═══ Supplied data ═══
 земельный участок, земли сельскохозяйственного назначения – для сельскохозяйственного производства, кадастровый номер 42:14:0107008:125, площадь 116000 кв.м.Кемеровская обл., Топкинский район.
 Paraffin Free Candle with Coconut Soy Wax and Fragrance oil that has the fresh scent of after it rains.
═══
═══ Supplied data ═══
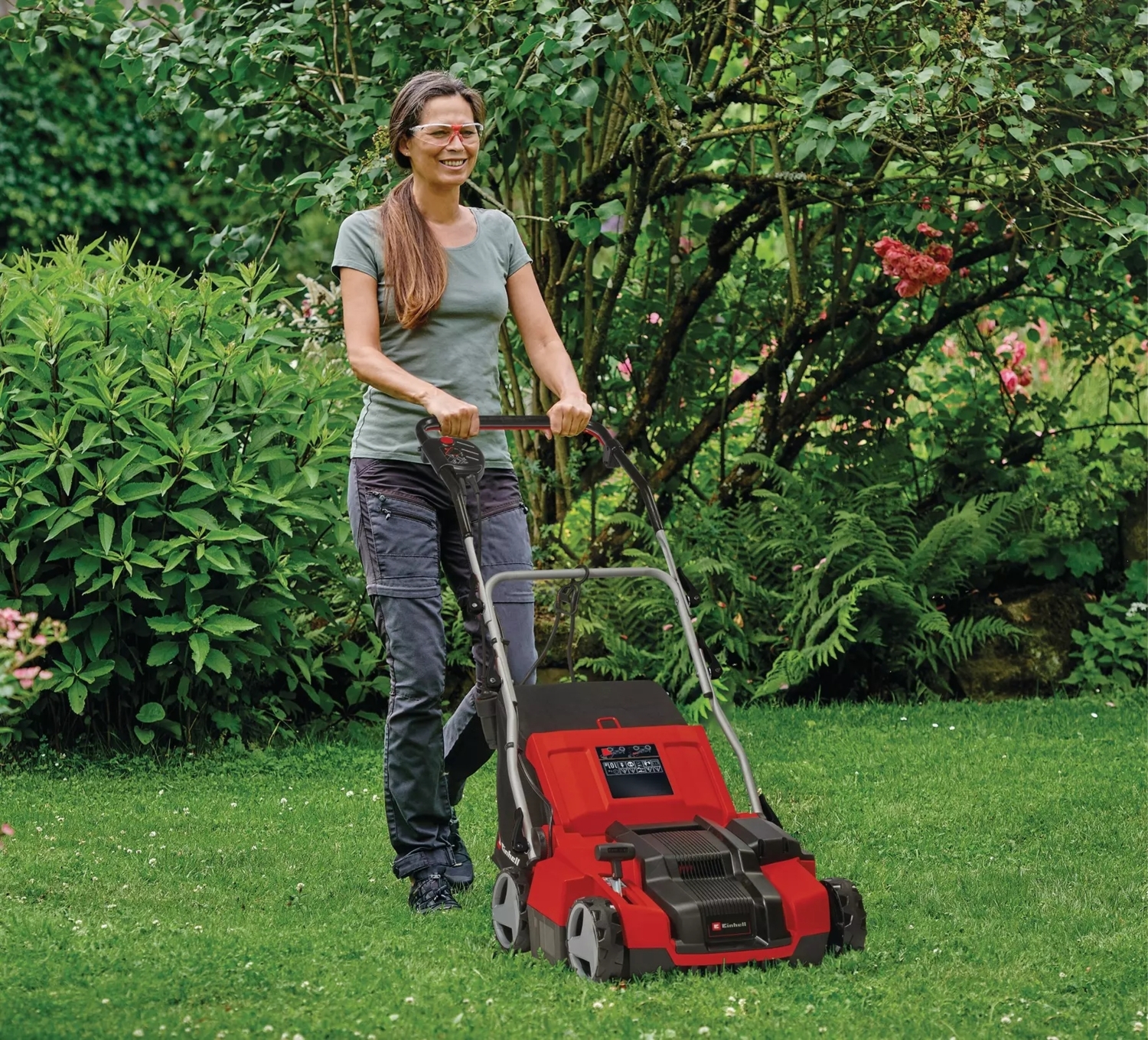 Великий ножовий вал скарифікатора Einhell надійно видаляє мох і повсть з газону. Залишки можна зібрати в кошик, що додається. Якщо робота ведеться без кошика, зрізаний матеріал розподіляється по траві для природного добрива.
═══
Looking at the entries above, can you reproduce exactly the lines from the one that holds "земельный участок, земли" through the one that holds "Paraffin Free Candle", and only those?

 земельный участок, земли сельскохозяйственного назначения – для сельскохозяйственного производства, кадастровый номер 42:14:0107008:125, площадь 116000 кв.м.Кемеровская обл., Топкинский район.
 Paraffin Free Candle with Coconut Soy Wax and Fragrance oil that has the fresh scent of after it rains.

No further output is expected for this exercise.